As you go through each step, look for the learner prompts and questions to help you reflect and deepen your understanding.

## 🔧 Environment Setup
Before we start, let's make sure we have all the necessary tools. We'll use several Python libraries:
- `langchain` and `langchain-core`: For working with LLMs and building chains of reasoning.
- `pandas`: For handling tabular data.
- `networkx`: For building and visualizing graphs.
- `dotenv`: For securely loading API keys and settings.

**Learner Prompt:**
- Why do you think we need both a graph library and an LLM library? What might each be responsible for in this project?

In [None]:
# Install required libraries. This ensures you have the latest versions for working with LLMs and graphs.
# You only need to run this once per environment.
%pip pip install -r requirements.txt

# Learner Prompt:
# - What do you think would happen if you skipped this step or used older versions of these libraries?

In [None]:
# Import all the libraries we need for this project.
import os  # For interacting with the operating system and environment variables
import pandas as pd  # For loading and manipulating tabular data
import networkx as nx  # For creating and working with graphs
from collections import defaultdict  # For counting and grouping data efficiently
from langchain.chat_models import AzureChatOpenAI  # For using Azure's LLM
from langchain.prompts import PromptTemplate  # For creating prompts for the LLM
from langchain_core.output_parsers import StrOutputParser  # For parsing LLM outputs
from langchain_community.document_loaders import CSVLoader  # For loading CSV files as documents
from langchain.text_splitter import RecursiveCharacterTextSplitter  # For splitting text into manageable chunks
from langchain.schema import Document  # For working with document objects
from dotenv import load_dotenv  # For loading environment variables from a .env file

# Load environment variables (like API keys) from a .env file for security.
load_dotenv()

# Learner Prompt:
# - Can you identify which libraries are for graphs, which are for LLMs, and which are for data handling?

## 🤖 Azure OpenAI Setup
To use a powerful LLM, we need to connect to Azure OpenAI. This requires API keys and endpoint information, which are kept secret for security.

**Learner Prompt:**
- Why do you think it's important to keep API keys and endpoints out of your code?
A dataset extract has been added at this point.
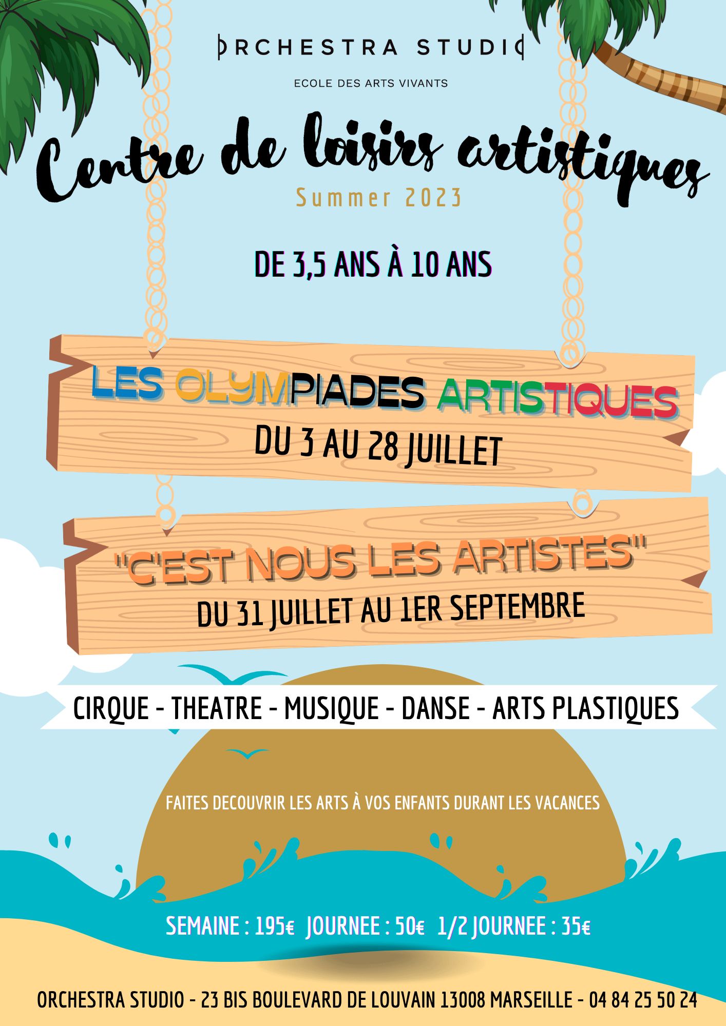 Découvrez notre nouveau programme multi-activités autour des arts vivants pour offrir à vos enfants des vacances inoubliables dans une ambiance stimulante, ludique et décontractée ! En août 2023, le thème est "C'EST NOUS LES ARTISTES !" Vos enfants pourront écrire, jouer, découvrir, s'éveiller et s'égayer avec un programme palpitant. Au cours du mois, ils pourront créer une fresque, découvrir l'art du recyclage en utilisant des matériaux recyclés tels que des bouteilles en plastique, des cartons, des papiers ou des tissus pour créer des œuvres d'art originales et durables. Ils expérimenteront également les graffitis sur des toiles, en utilisant des pochoirs ou des bombes de peinture pour créer des œuvres d'art uniques. Offrez à vos enfants une expérience artistique inoubliable en les inscrivant dès maintenant !
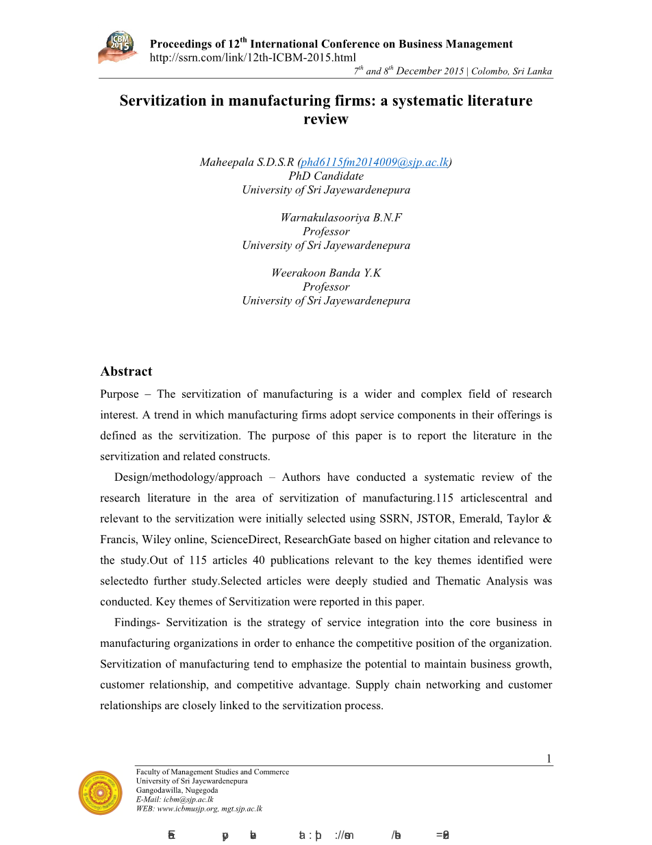 阿伯丁集团,通用汽车公司,IBM,罗尔斯·罗伊斯航空公司,英国石油公司,壳牌笑乐公司,波音公司,施乐公司等都通过服务化取得了成功。(Baumgartner,1999;Cohen等人,2006;Neely,2008)。发展中国家的服务化努力的研究较少。然而,为了在竞争激烈的市场中竞争,在地区和地方背景下有服务的趋势。斯里兰卡服装制造业有一些众所周知的案例,根据买方的要求提供研发,采购,设计,培训和其他独家服务。最近的创新实例可以被认为是由联合化学家在药房和医疗设备的汽车电池部门和送货上门服务市场领导者的Battmobile服务。在Battmobile提供一个由训练有素的技术人员组成的移动服务部门,他们将来到现场解决电池故障,无论他们使用哪个品牌(Brownsgroup.com,2015)。在药店的例子中,处方药免费送到客户所在地(Unionchemists.com,2015)。Vandermerwe和Rada(1988)提出了“服务化”这一术语来指导制造商在商品和服务结合上的努力,以便为核心产品提供附加价值。他们进一步解释说,几乎所有行业都在全球范围引入服务化,它涉及到不同的战略重点,组织复杂程度和传统管理配方不再适合的顺序。“制造企业向服务化转型不止商业模式的创新,也是经济格局的全球转型”(Li et al,2015,p.66)。

How does using a `.env` file help?

In [None]:
# Load Azure OpenAI credentials from the .env file.
# This keeps sensitive information (like API keys) out of your code.
import os
from pathlib import Path
from dotenv import load_dotenv

# Get the parent directory of the current working directory (where the notebook is running)
parent_dir = Path.cwd().parent
env_path = parent_dir / ".env"

# Load the .env file from the parent directory
load_dotenv(dotenv_path=env_path, override=True)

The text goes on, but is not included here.